To run SCITE-RNA on the cancer datasets:
Run either
generate_results_python_r/real_data_processing.py
or (recommended) run the faster C++ version:
generate_results_cpp/real_data_processing.cpp
Results will be saved in data/results/.
To use SCITE-RNA on new data:
-
Prepare reference and alternative allele count files in
.csvformat. Use the format provided indata/input_data/as a reference, where columns represent cells and rows represent SNVs. -
Set the number of bootstrap samples (optional) and run SCITE-RNA tree inference with the following script:
generate_results_cpp/real_data_processing.cpp -
The results are saved in
data/results.
To reproduce the figures quickly you can use the files provided in data and data_summary.
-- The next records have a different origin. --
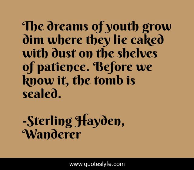 This page presents the quote "The dreams of youth grow dim where they lie caked with dust on the shelves of patience. Before we know it, the tomb is sealed.". Author of this quote is Sterling Hayden, Wanderer. .
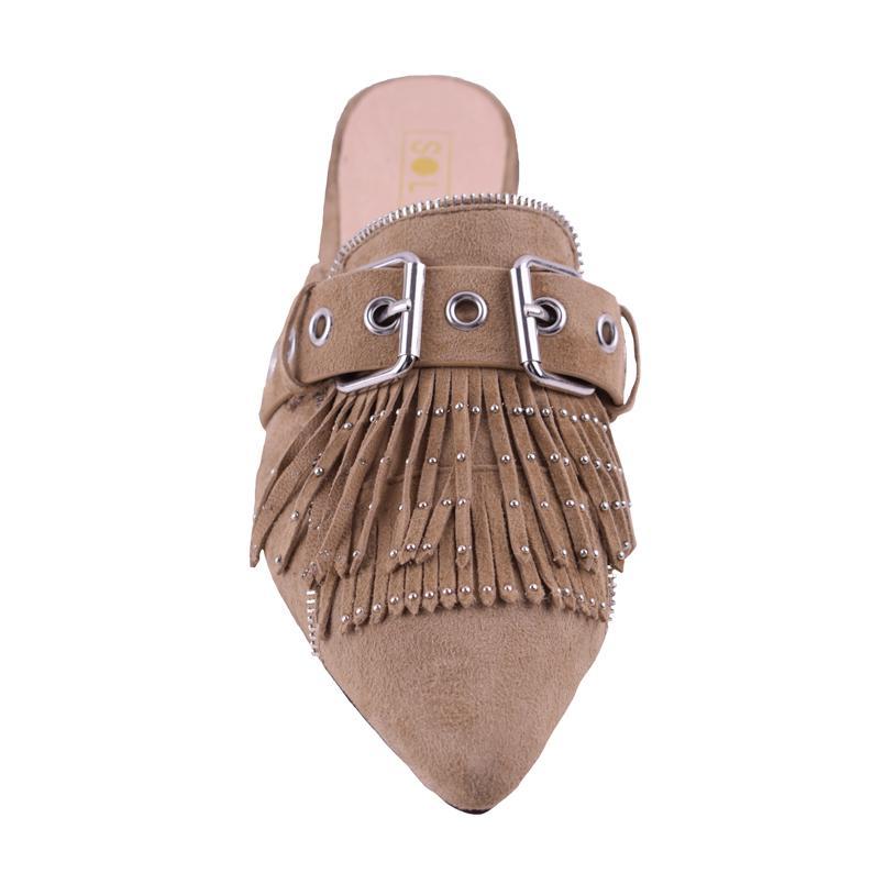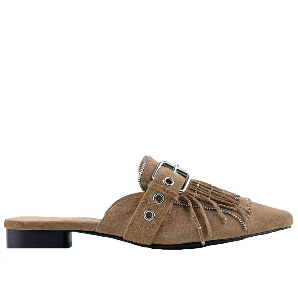 The Sadie slide takes its cues from traditional loafers to make an elevated everyday style. Delicate layered suede fringing is studded with silver hardware and falls over the front of the shoe. A statement buckle wraps the front of the foot, and is finished with bold silver rivets, statement buckles and zipper edging.
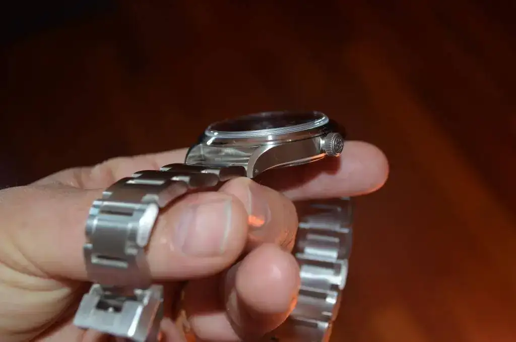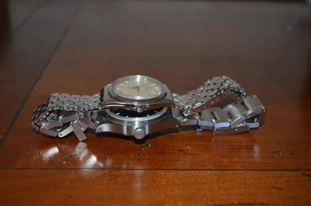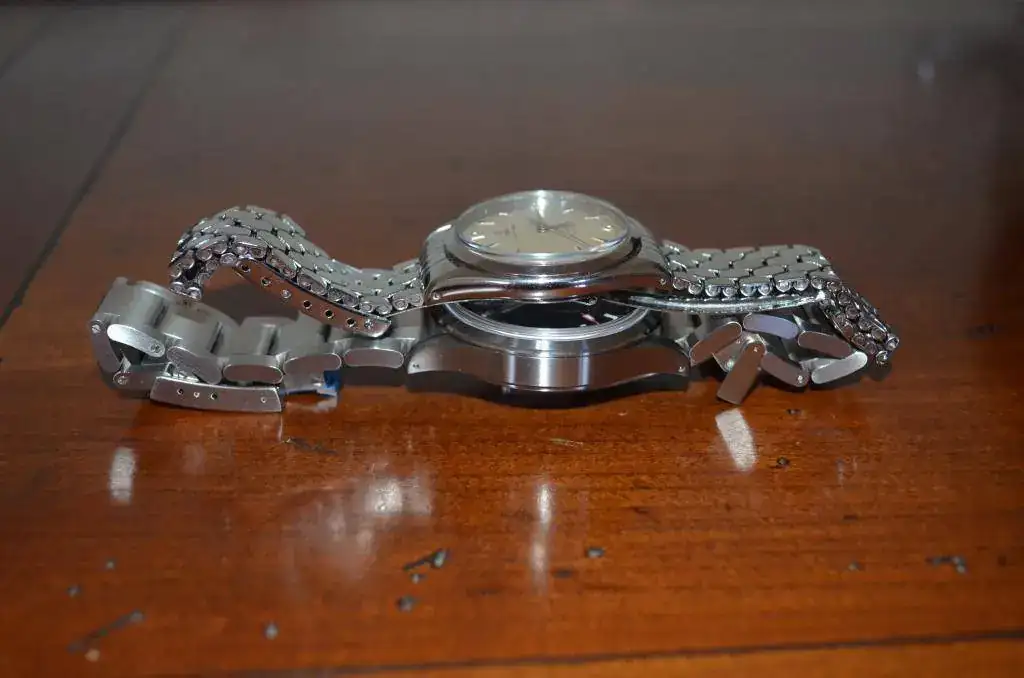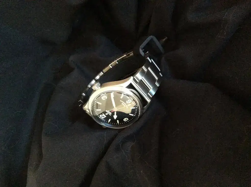 Se trata de un reloj sin fecha, con 41mm de caja, todo cepillado salvo el bisel. Con un brazalete en acero inoxidable sin endlinks. Es un reloj muy contundente. En vivo se aprecia más grande de lo que su medida sugiere, debido quizás a la delgadez del bisel.
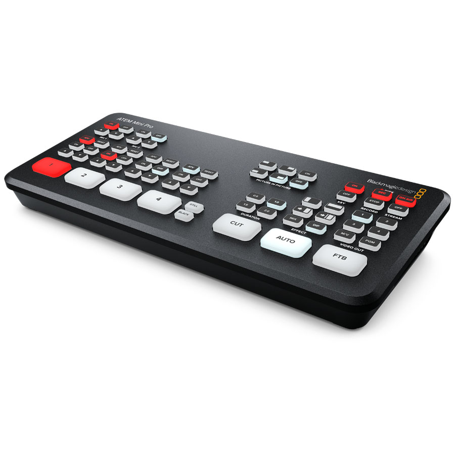 Semelhante ao seu antecessor, o ATEM Mini, o ATEM Mini Pro da Blackmagic Design, é um switcher de produção ao vivo de quatro entradas, com um painel de controle integrado projetado para transmissão ao vivo de várias câmeras até vídeo HD para a Internet ou aplicativos de transmissão de consoles de jogos, fluxos de computadores corporativos ou câmeras HD. Juntamente com a atualização do controle de software, o Mini Pro se baseia no Mini com recursos como taxa de dados de transmissão ao vivo e informações de status, um codificador de hardware integrado, gravação simultânea em unidades USB, drive hot swapping com o Blackmagic MultiDock, botões de gravação e transmissão adicionados, cache de transmissão, um gerador de timecode, visualização múltipla de programas, suporte a tally e Blackmagic Pocket Cinema Camera 6K e 4K para utilizar como suas fontes de transmissão.
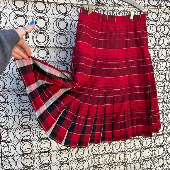 Pendleton Woolen Mills reversible turnabout red black tartan plaid pleated skirt 100% virgin wool... Show more
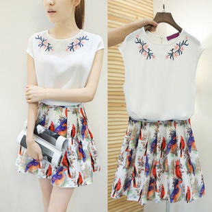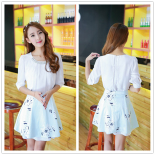 2015夏季新款刺繡兩件套裝夏季女裝新款短袖印花顯瘦蓬蓬裙連衣裙 /
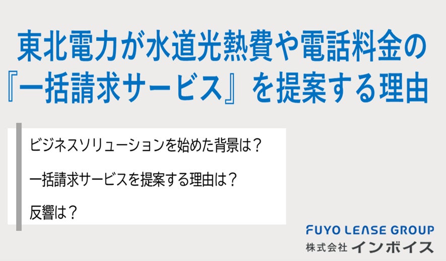 受取請求書の一括請求サービスを提供する、株式会社インボイス(代表取締役:加茂 正巳 本社:東京都千代田区)は、東北電力株式会社がお客様の業務効率化支援を目的に展開する「ビジネスソリューションサービス」のラインアップで一括請求サービスを提案する理由について、インタビュー内容を公開したのでお知らせします。
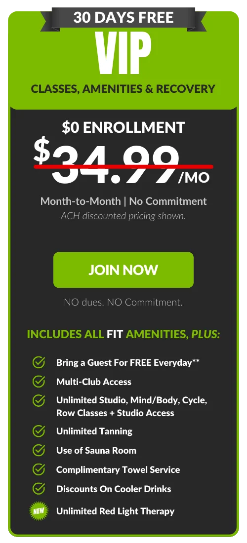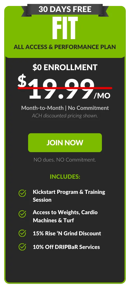 Free FIT add-on. Guest privileges are limited to FIT Amenities. All memberships are billed monthly to a checking account or credit card. An Annual Fee of $69.99 billed once per year in the member's second month of membership. Enrollment fee and taxes may apply. Choose your bank account to pay your Monthly Membership Dues and we’ll waive our one-time processing fee of $20.00. Plus SAVE $2.00 on your membership dues every month! 7-Day Satisfaction Guarantee. 30 day notice applies to all memberships. DRIPBaR is located in our Fit Factory Foxboro Location only. All Fit Factory members receive 10% Off DRIPBaR Services.
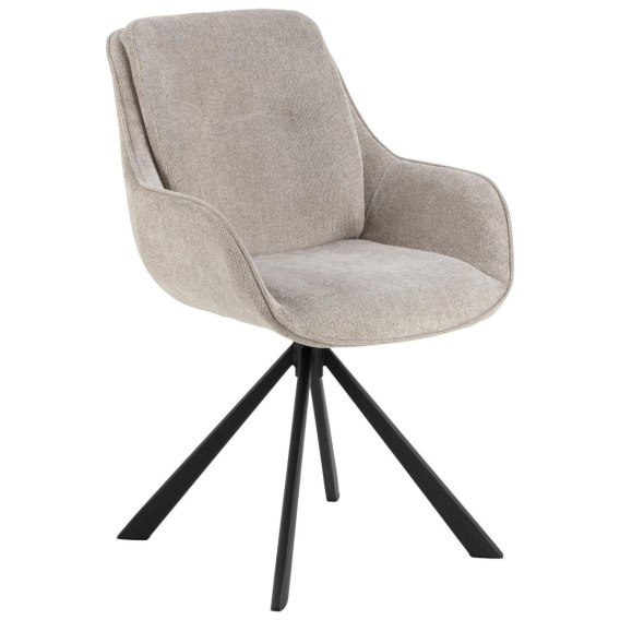 Krzesło do jadalni z podłokietnikami Carrie o eleganckich liniach wnosi do jadalni delikatny, przytulny design. Siedzisko posiada dodatkową warstwę o wyglądzie poduszki, przyszytą do oparcia, aby zapewnić przyjemne doznania i komfortowe oparcie. Dzięki szenilowemu obiciu w kolorze beżowym krzesło zapewnia kojące uczucie. Poruszanie się jest również łatwe, ponieważ siedzisko spoczywa na czarnej 4-gwiazdkowej podstawie z funkcją obrotu. Krzesło do jadalni Carrie w tkaninie Caso sand 4 FR, 4-gwiazdkowa podstawa z matowej, czarnej, szorstkiej stali malowanej proszkowo z poziomymi przeszyciami, obrotowa i z zamkiem błyskawicznym, EWykonane z materiałów ognioodpornych. Certyfikat FSC. Wysokość oparcia 43 cm Szerokość siedziska 44 cm Głębokość siedziska 43 cm Wysokość podłokietnika od podłogi 63 cm Szerokość podłokietnika 3 cm Głębokość podłokietnika 28 cm Wysokość podłokietnika 16 cm Max. obciążenie 110kg
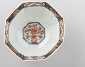 Scodella in porcellana a sezione ottagonale. Decorazione floreale dipinta in blu di cobalto sotto l'invetriatura trasparente, smalto rosso e oro al di sopra della coperta.
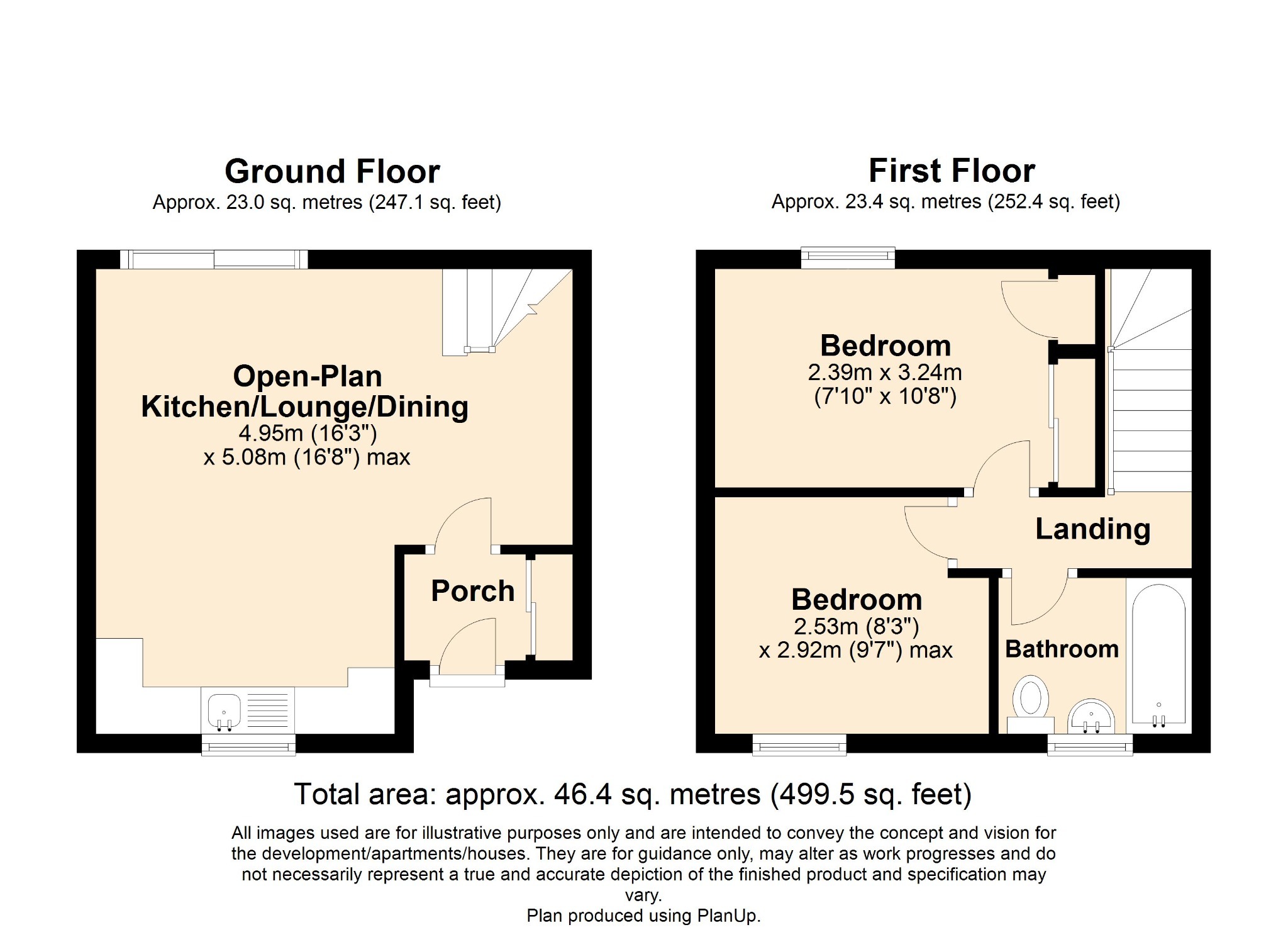 Ascending to the first floor, you will find two comfortable bedrooms. These rooms are well-proportioned, providing ample space for furniture and personal touches. The family bathroom serves both bedrooms, featuring essential fixtures and fittings to cater to your needs. The layout upstairs is practical and efficient, ensuring a comfortable living arrangement for residents.
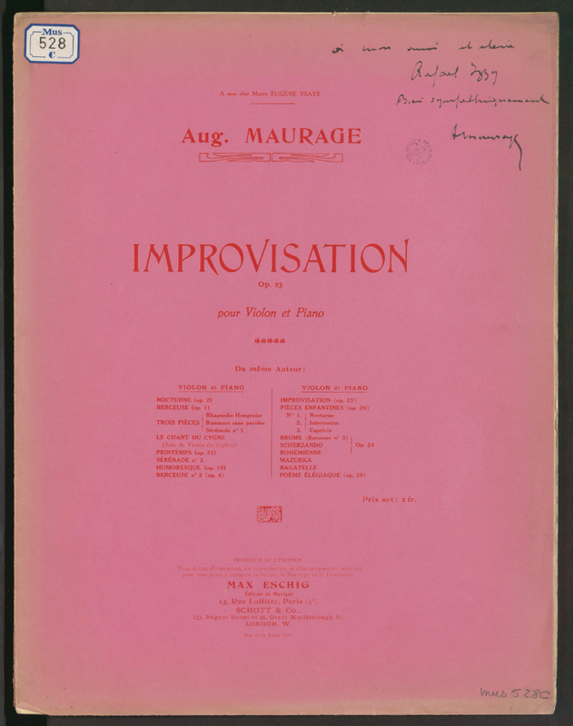 | Dedication | a mon cher Maitre Eugène Ysaÿe |
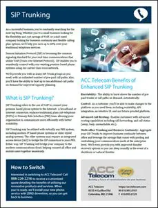 Working with our upstream Carriers, ACC Telecom provides SIP Trunking service to business phone systems and remote employees by utilizing their existing broadband connections.

As the size and the number of raw data files was quite large, we produced summary statistics. To reproduce the plots presented in the paper, follow the instructions below:
-
Figure 3: Comparison of tree optimization strategies
generate_results_python_r/comparison_tree_spaces_switching.pyIf you want to rerun the full analysis first run with the desired number of cells and SNVs
generate_results_python_r/comparison_data_generation.py generate_results_cpp/comparison_tree_spaces_switching.cpp generate_results_cpp/space_switching_results_postprocessing.cpp
-
Figure 4: Comparison to SClineager, PhylinSic and DENDRO including runtimes
generate_results_python_r/comparison_num_clones.ipynbIf you want to rerun the full analysis first run with the desired number of clones, SNVs, cells
generate_results_python_r/comparison_data_generation.py generate_results_cpp/comparison_num_clones.cpp generate_results_python_r/comparison_clones_sclineager_dendro_sciterna.R -
Figure 5/6/7: Cancer datasets
generate_results_python_r/results_real_data.ipynbRerun the full analysis with and without bootstrapping
generate_results_cpp/real_data_processing.cpp generate_results_python_r/generate_consensus_parent_vector.py
Figures will be saved in data/results/figures/.